A lot of the "ah we can just use X API" falls apart pretty fast when you do risk analysis on a real system. Lots of these APIs are do a decent job most of the time under somewhat ideal conditions, beyond that things get hairy.

kaibee 825 days ago

> that can pick an object out of an image

You have to do it in real time, from a video feed, and make sure that you're tracking the same unique instance of that object between frames.

lukan 825 days ago

Robots could make a short stop or go slower to process an unclear picture, that is probably not the problem - but the image processing itself, is still way too unreliable. Under ideal condition it mostly works, but have some light fog in the picture or strong sunlight and ... usually all fails.

Otherwise the Teslas would have indeed full self driving mode, using only cameras.

thfuran 825 days ago

>Robots could make a short stop or go slower to process an unclear picture

The costs of doing so are hugely dependent application. It is not, for example, an attractive strategy for an image-guided missile, though it's probably fine for an autonomous vacuum cleaner.

YeGoblynQueenne 825 days ago

And then you need to grasp it.

numpad0 825 days ago

If someone could readily do it using GPT-4V with its apparent sentience, it must be happening already. So far there have been just few demos that shows obvious signs of manual programming, manual remote operation, and/or even VFX editing in some cases.

transitionnel 825 days ago

That language sounds borne of hair-pulling disbelief.

If they can put ImageNet on a SOC, they can do it. [probably too big/watt]

Better yet: ImageNet bones on SOC, cacheable "Immediate Situation" fed by [the obvious logic programming that everyone glances past :) ]

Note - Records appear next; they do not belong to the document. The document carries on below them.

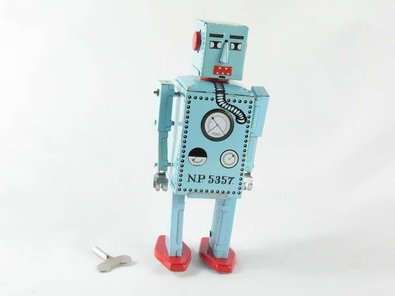 Man kann den Roboter natürlich auch mit dem mitgelieferten Schlüssel aufziehen,
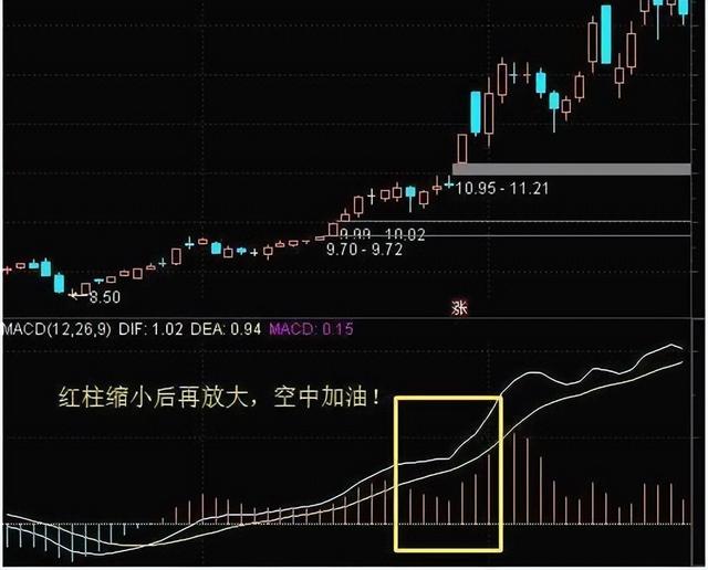 股价上升趋势下,MACD出现一片大红柱。股价进入调整之后,MACD红柱减小。但是随后股价出现了放量阳线,把MACD的红柱再放大。这时候就属于MACD空中加油,还继续看涨!
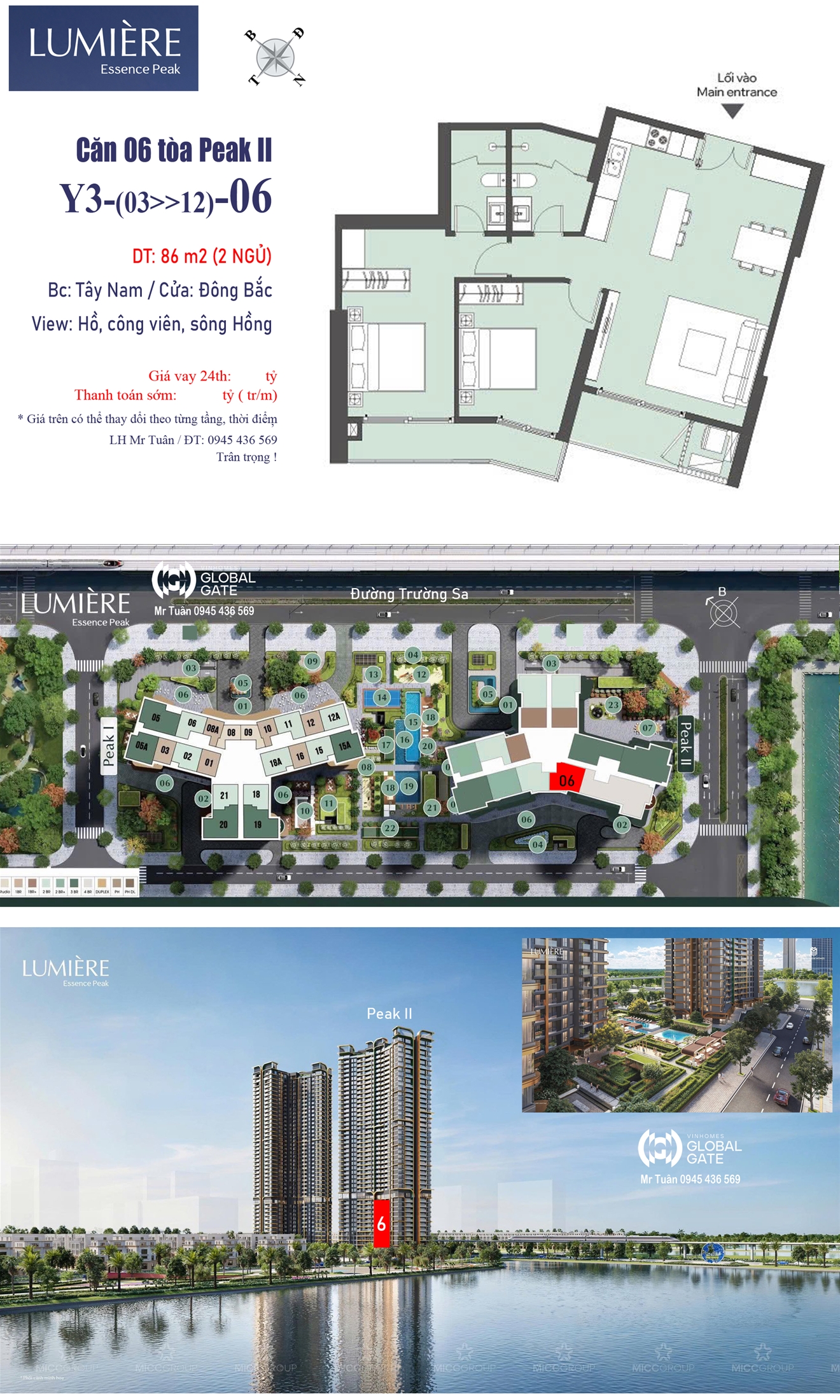 Căn 06 tòa Y3 LUMIÈRE Essence Peak II
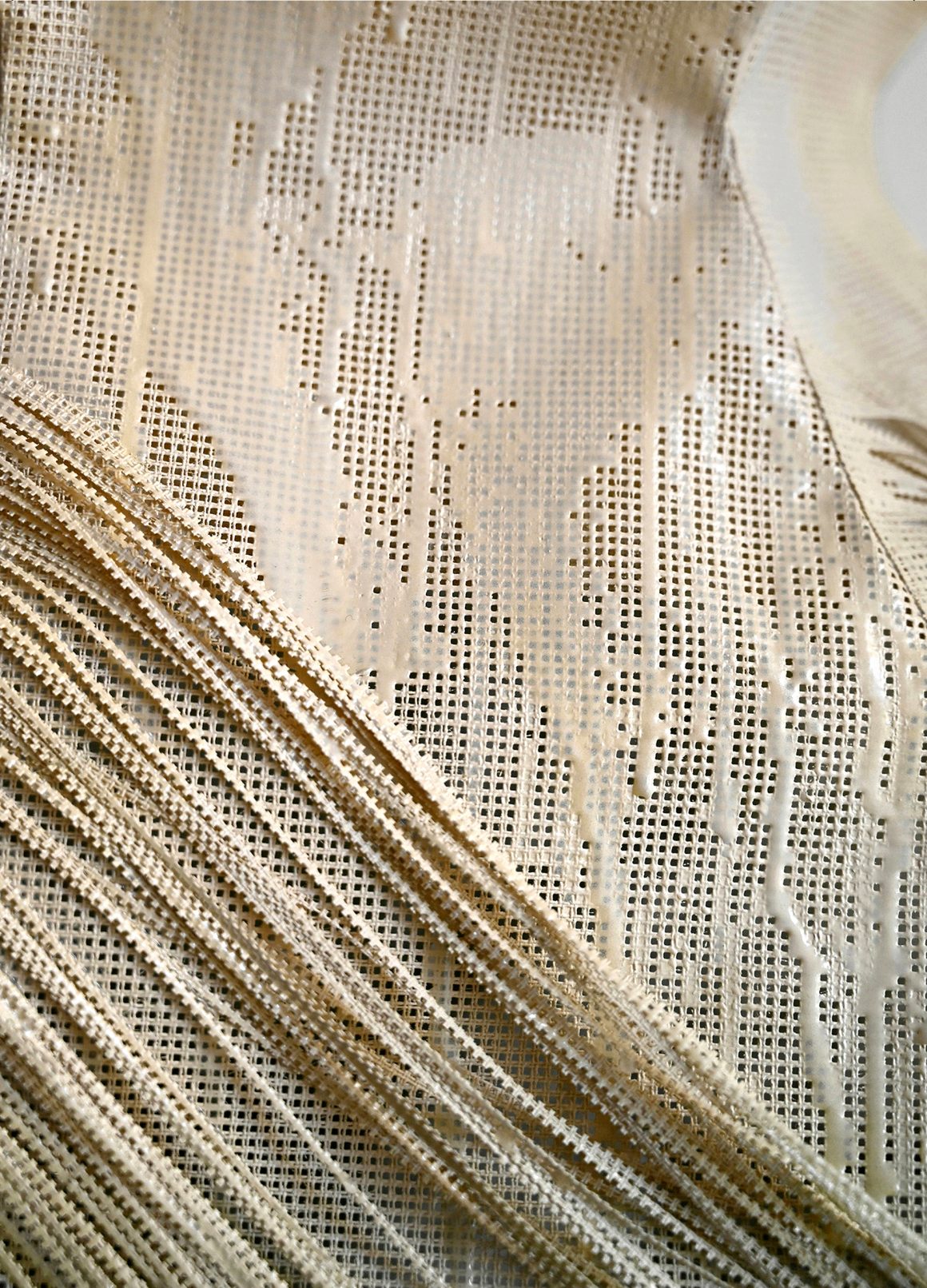 Οι σπουδές μου ήταν πάνω στο σχέδιο υφάσματος με ειδίκευση στο κέντημα, αλλά αρκετά γρήγορα συνειδητοποίησα ότι αυτό δεν ήταν το μονοπάτι που μου ταίριαζε. Άρχισα έτσι να προσεγγίζω το ύφασμα διαφορετικά, να πειραματίζομαι, να βλέπω πού με πηγαίνει αν του δώσω ελευθερία. Εκεί ανακάλυψα πόσο μεγάλο εύρος εφαρμογών έχει σαν υλικό και πόσες μη συμβατικές τεχνικές μπορούν να ενσωματωθούν σε αυτό.

transitionnel 825 days ago

> This is how Cybernetics starts y'all. <

contingencies 826 days ago

Cute quote - added to https://github.com/globalcitizen/taoup :)

I would add supply chain, however.

transitionnel 824 days ago

To solve that:

Assumption: Apple's supply chain is gold standard [~max iterative tech envelope push & max known demand]

Hypothesis: This is swiftly re-creatable for any [max believable & max useful] product. "Detroit, waiting".

jvanderbot 826 days ago

An honor! Pleased to contribute.

DrDroop 825 days ago

What about transformers for robotics, like ALOHA, they seems to help with learning new tasks.